Pareció ser el comienzo de las operaciones de la Brigada Lautaro y el grupo Delfín, que desde comienzos de 1976 tenían la misión de exterminar al Partido Comunista. A pocos días de las detenciones en calle Conferencia fue apresado el subsecretario del partido, Víctor Díaz López, oculto en una vivienda supuestamente segura, con la cobertura de pariente de los dueños de casa. Díaz había remplazado a Luis Corvalán, detenido en octubre de 1973. Muchas detenciones en esa primera oleada represiva obligaron a constituir una nueva dirección con Fernando Ortiz Letelier a la cabeza, junto a dirigentes como Waldo Pizarro, Horacio Zepeda y Lincoyán Berríos. Nuevamente se multiplicaron las detenciones, las desapariciones y los allanamientos a casas que servían para contactos. Esa segunda dirección del PC fue detenida a fines de 1976.
EL JUEZ MONTIGLIO
Terminada la dictadura, la investigación fue asumida por Víctor Montiglio, el ministro de la Corte de Apelaciones de Santiago, que se hizo cargo del caso calle Conferencia empantanado durante más de treinta años. Aprovechando la captura de Jorgelino Vergara Bravo, ex agente de la Dina y la CNI, el juez Montiglio logró que éste rompiera el pacto de silencio y abriera las compuertas a la verdad. Vergara es un testigo privilegiado. Siendo casi un niño comenzó a trabajar en la casa del coronel Manuel Contreras, jefe de la Dina. Conoció a su familia, actuando como un mozo que ayudaba en las labores de la casa. Pasado un tiempo ingresó a la Dina. Siguió siendo «el mocito» pero en algún momento se convirtió en agente de seguridad por sus condiciones físicas, su manejo de armas y técnicas de defensa personal y sobre todo, por su lealtad, reforzada por el acostumbrado juramento de silencio. Fue destinado al cuartel secreto de calle Simón Bolívar a la altura del 8000.

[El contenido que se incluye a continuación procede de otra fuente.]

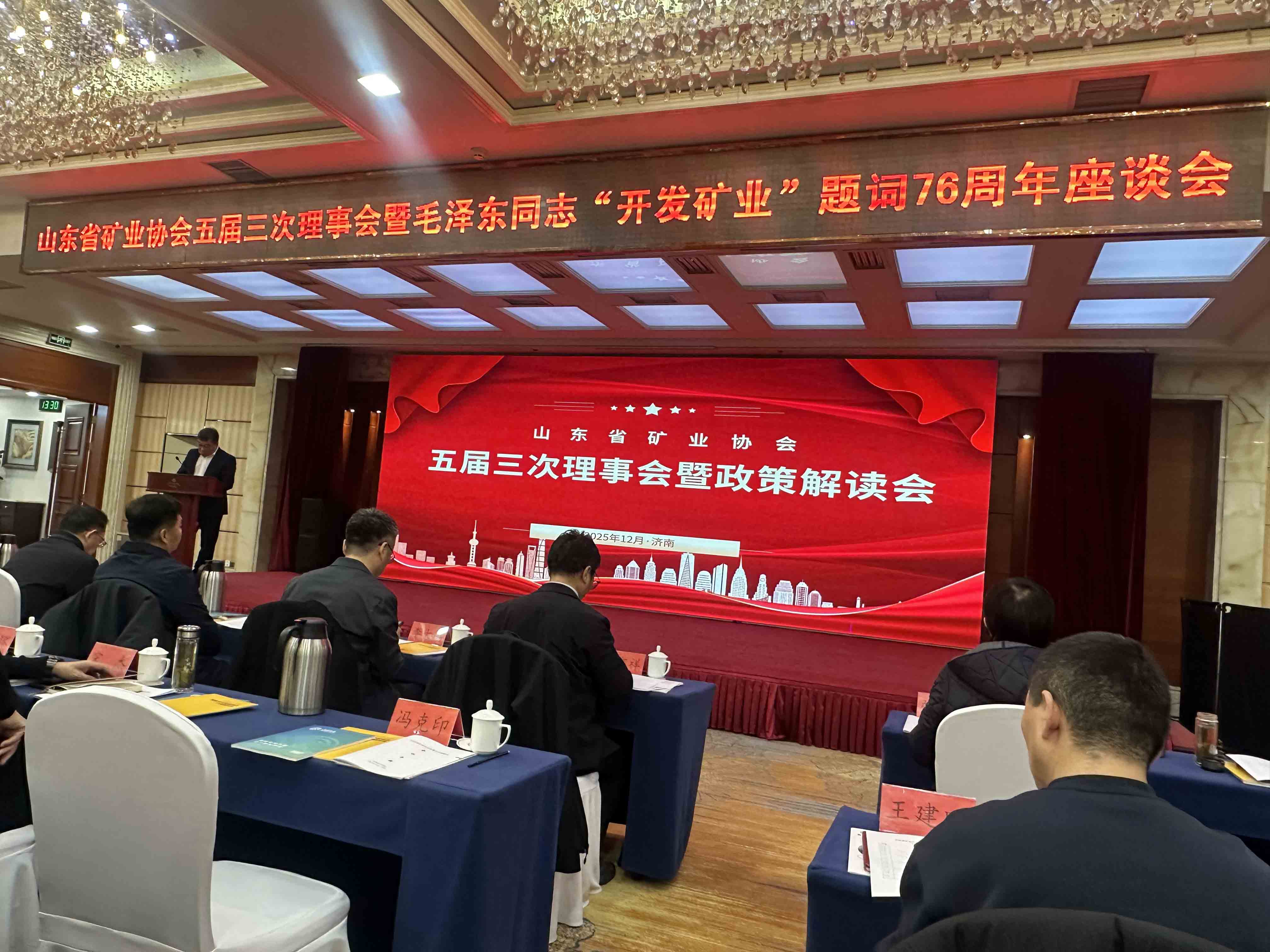 12月23日,山东省矿业协会五届三次理事会暨毛泽东同志“开发矿业”题词76周年座谈会、政策解读会在济南召开。山东钰镪地质公司作为协会副会长单位,委派代表出席本次会议,深度参与行业议题研讨,为山东矿业行业高质量发展建言献策。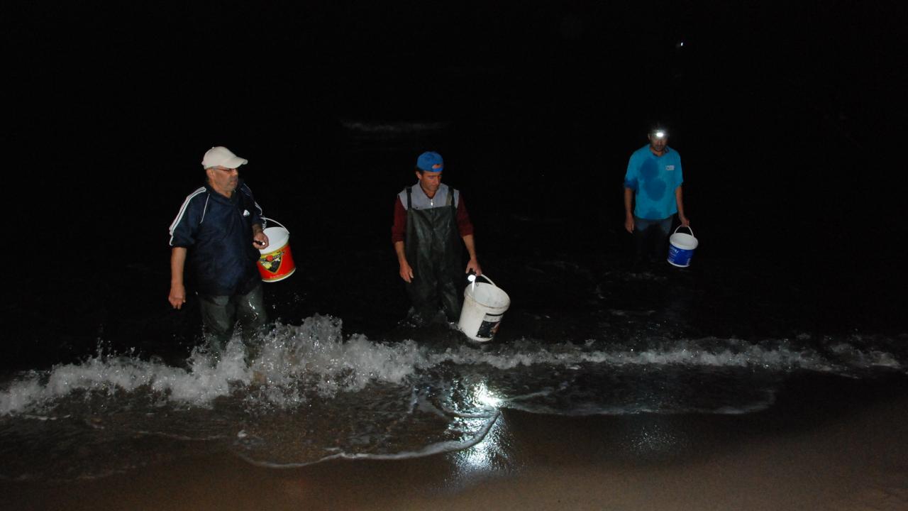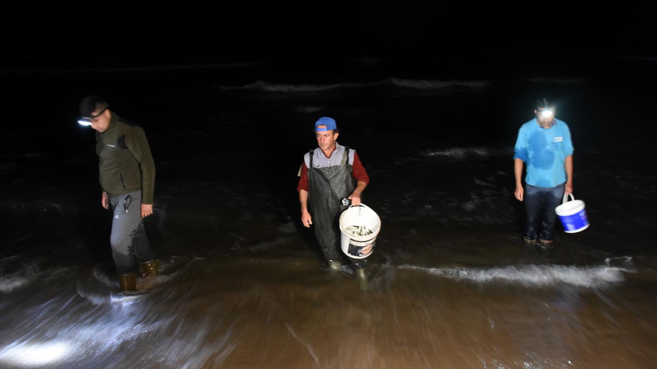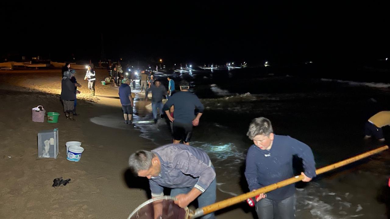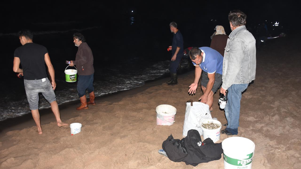 Kadını erkeği çok sayıda vatandaşın ellerinde fenerlerle kıyıda biriken balıkları topladığı anlar ilginç görüntü oluşturdu.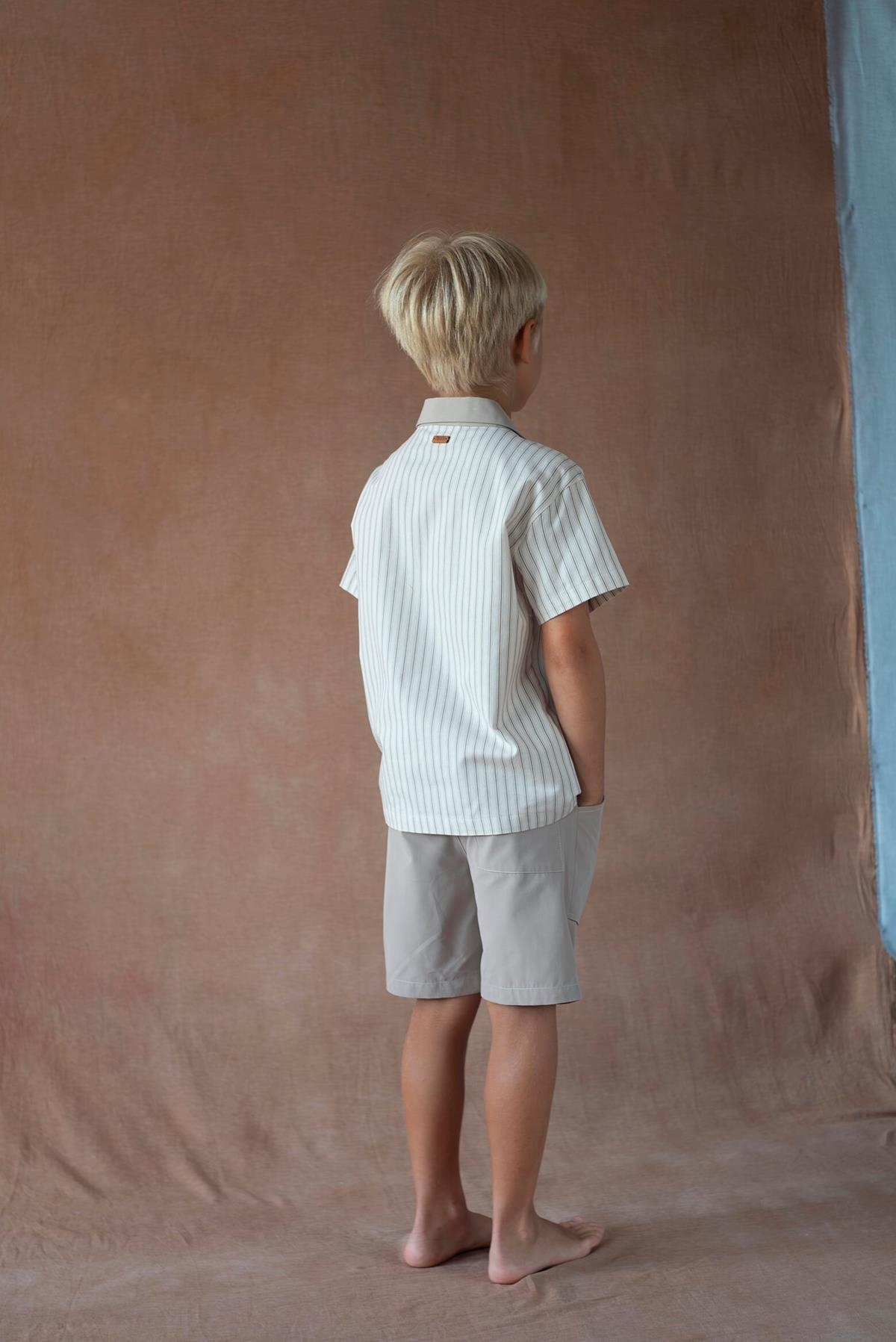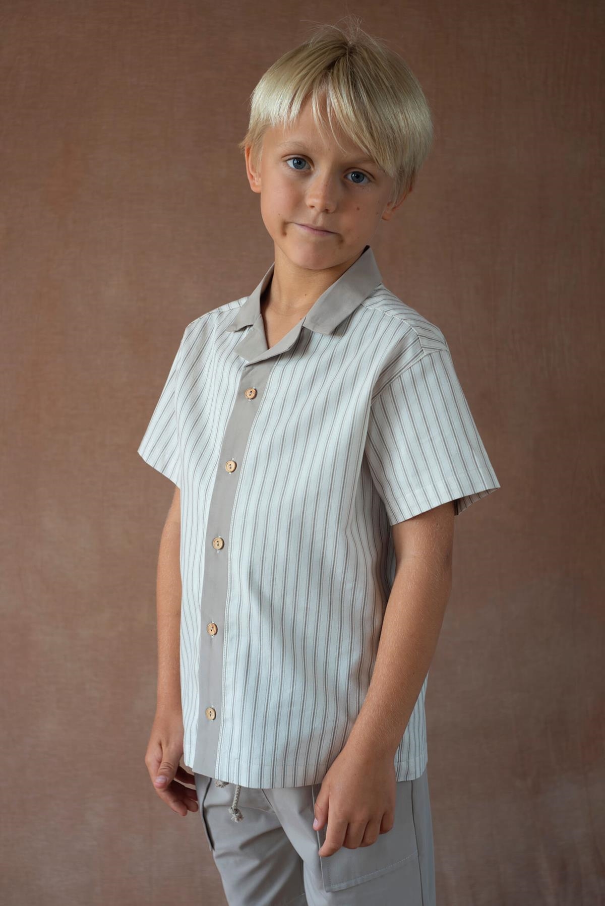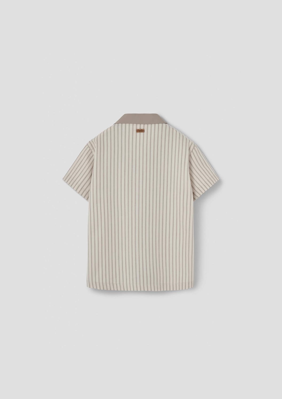 Short-sleeved shirt with contrasting lapel collar. Buttoned opening on the front.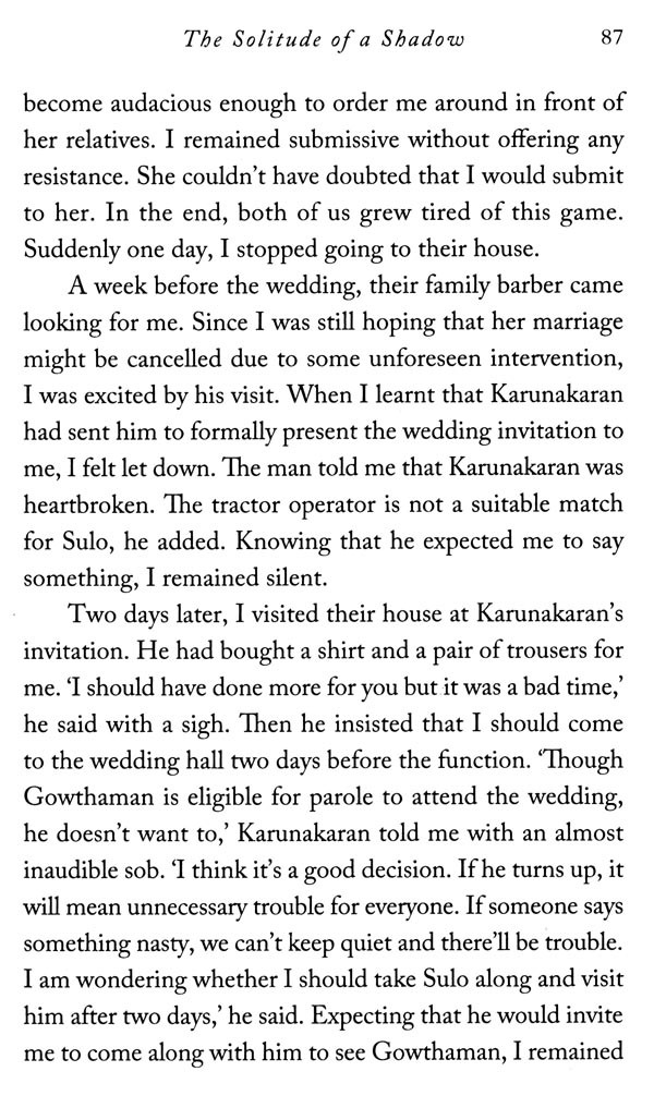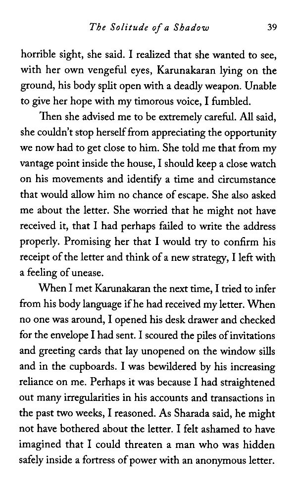 When the nameless protagonist of The Solitude of a Shadow unexpectedly encounters Karunakaran after nearly three decades, he is overwhelmed by a hitherto-dormant urge to wreak vengeance upon this man who had molested his sister and abused him all those years ago.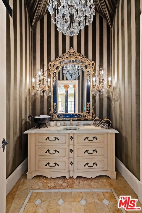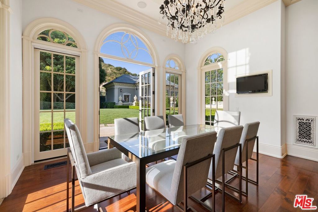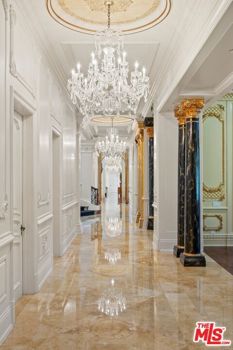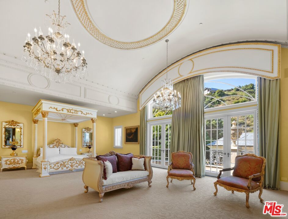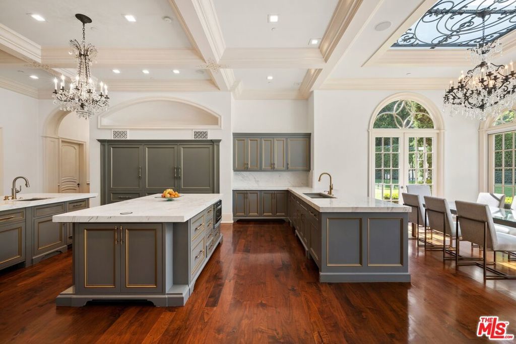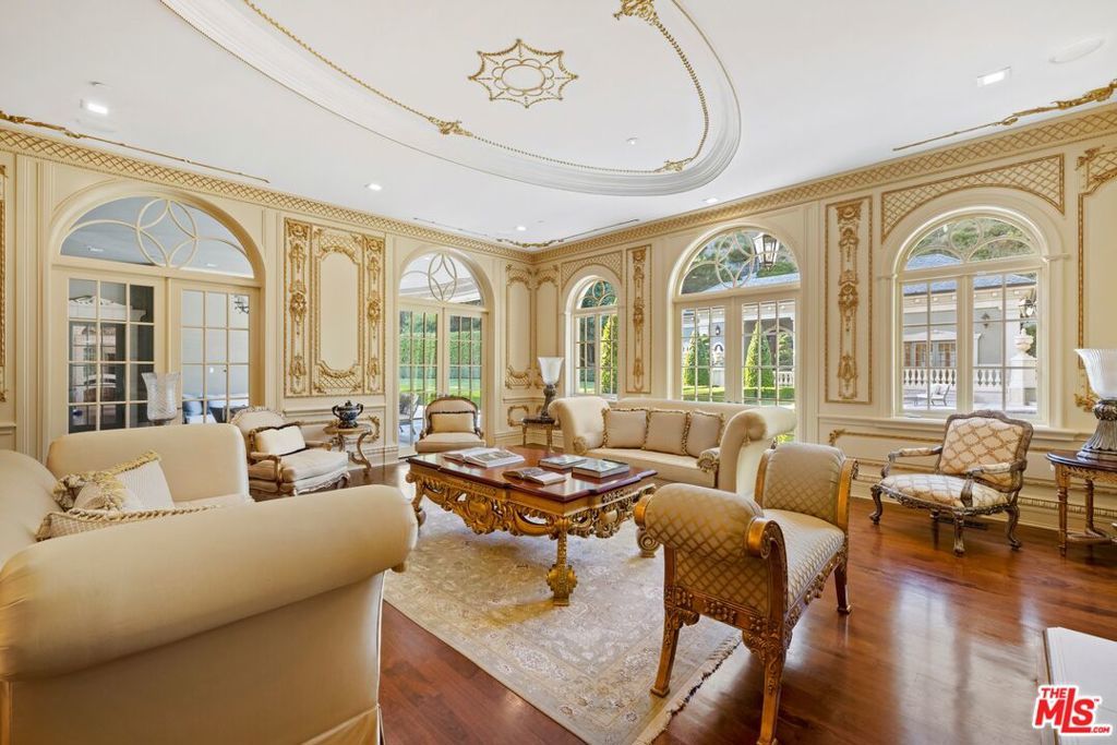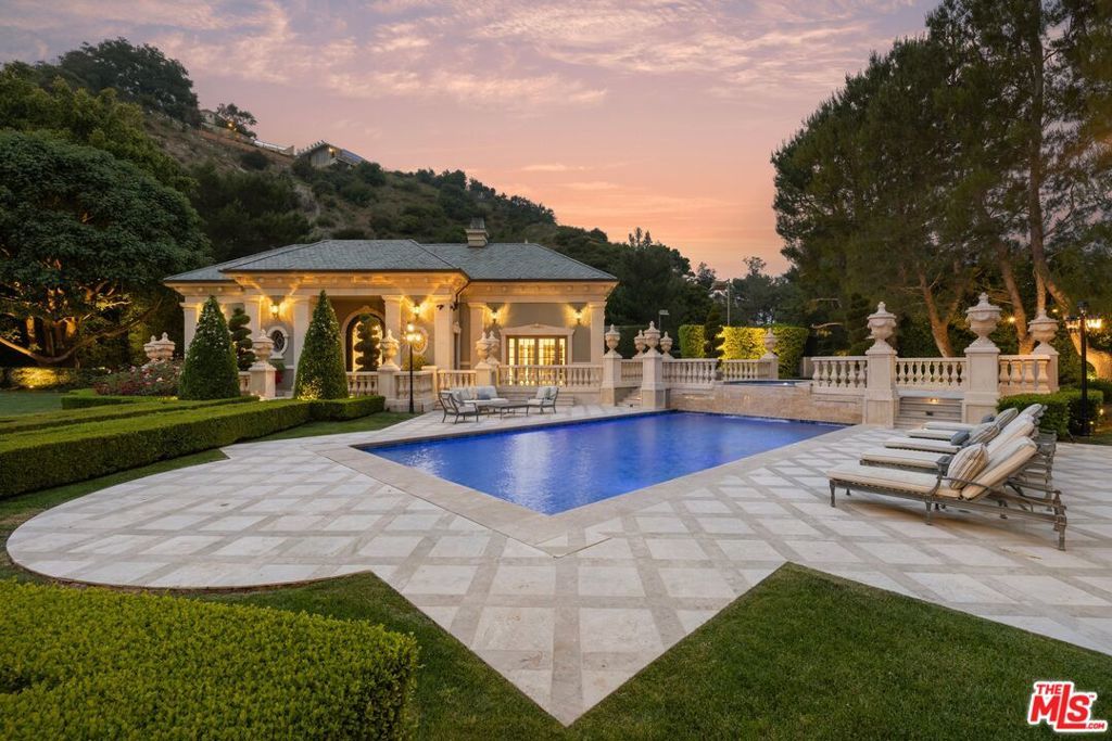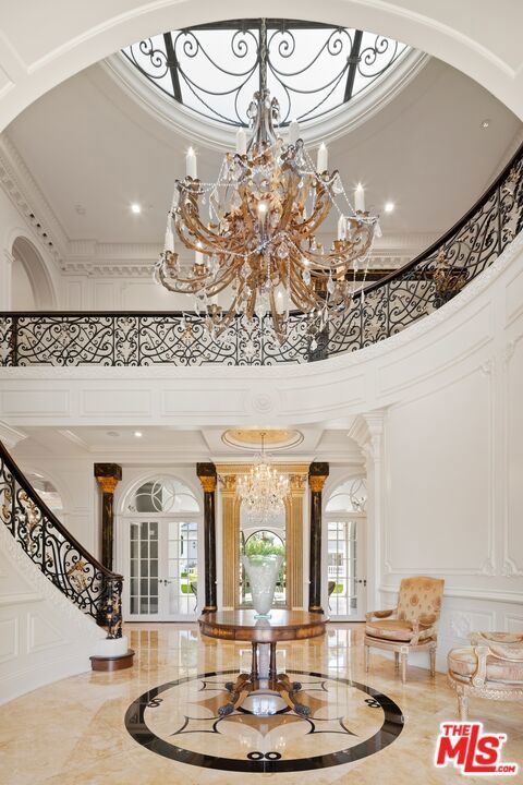 Nestled within the exclusive, guard-gated enclave of North Beverly Park, this masterfully crafted French Chateau evokes timeless elegance and refined sophistication. Set on approximately two manicured acres, the estate is enveloped by mature trees, tailored hedges, vibrant rose gardens, and expansive lawns, creating a serene and private outdoor sanctuary. A grand motor court welcomes guests, framing the stately facade adorned with classical architectural details. Inside awaits the double-height entryway with intricate wrought iron detailing, gleaming marble floors, and a sweeping spiral staircase offering an ideal backdrop for elegant gatherings and grand entrances. An array of exquisite features sets the tone for effortless luxury throughout: glittering chandeliers, French doors that flood the space with natural light, and Corinthian columns accented with gold leaf. The formal living room, with an ornate stone fireplace and rich wood flooring, offers an inviting ambiance for both intimate and grand-scale entertaining. Adjacent, the parlor/library provides a quiet retreat for study or relaxation. The chef's kitchen is a culinary masterpiece, boasting dual oversized islands, professional-grade Viking appliances, a custom refrigerator, and a double chef's range. A sunlit breakfast room opens to the enchanting rear gardens, while the formal dining room, sets the stage for memorable occasions. The family room, complete with a fireplace and entertainment center, is ideal for everyday comfort, while the private screening room and snack bar offers an unparalleled cinematic experience. Upstairs, the palatial primary suite features soaring 20-foot ceilings, a private balcony, and dual spa-inspired bathrooms equipped with rain showers, jetted tubs, and custom vanities. The exterior of the estate is a perfect retreat offering both comfort and grandeur. The pool and spa evoke the charm of a European retreat, complemented by a stately ballroom for hosting unforgettable events. A lighted regulation-size sport court accommodates tennis and basketball, while the meticulously curated rose garden provides a tranquil escape. Designed with the highest standards of privacy and security, this extraordinary residence offers not just a home but a lifestyle of unmatched comfort, prestige, and sophistication.

Con memoria fotográfica Vergara recordó ante el juez Montiglio su permanencia en el cuartel. Dio detalles, nombres, descripción de lugares, fechas, reconoció a víctimas en fotografías. La mayoría de lo que dijo coincidió con lo que ya se sabía o empezó a ser reconocido por otros agentes. En primer lugar por el comandante del cuartel, el ex coronel Juan Morales Salgado, que recordaba con afecto a Jorgelino. Luego hizo lo mismo el agente Jorge Pinchumán Curiqueo. Después vinieron los demás. Cada cual se interesaba sólo en salvar el pellejo. Se abría el secreto mejor guardado por la dictadura: el cuartel de la Dina de donde ninguno de los prisioneros salió vivo. Un campo de exterminio total y absoluto.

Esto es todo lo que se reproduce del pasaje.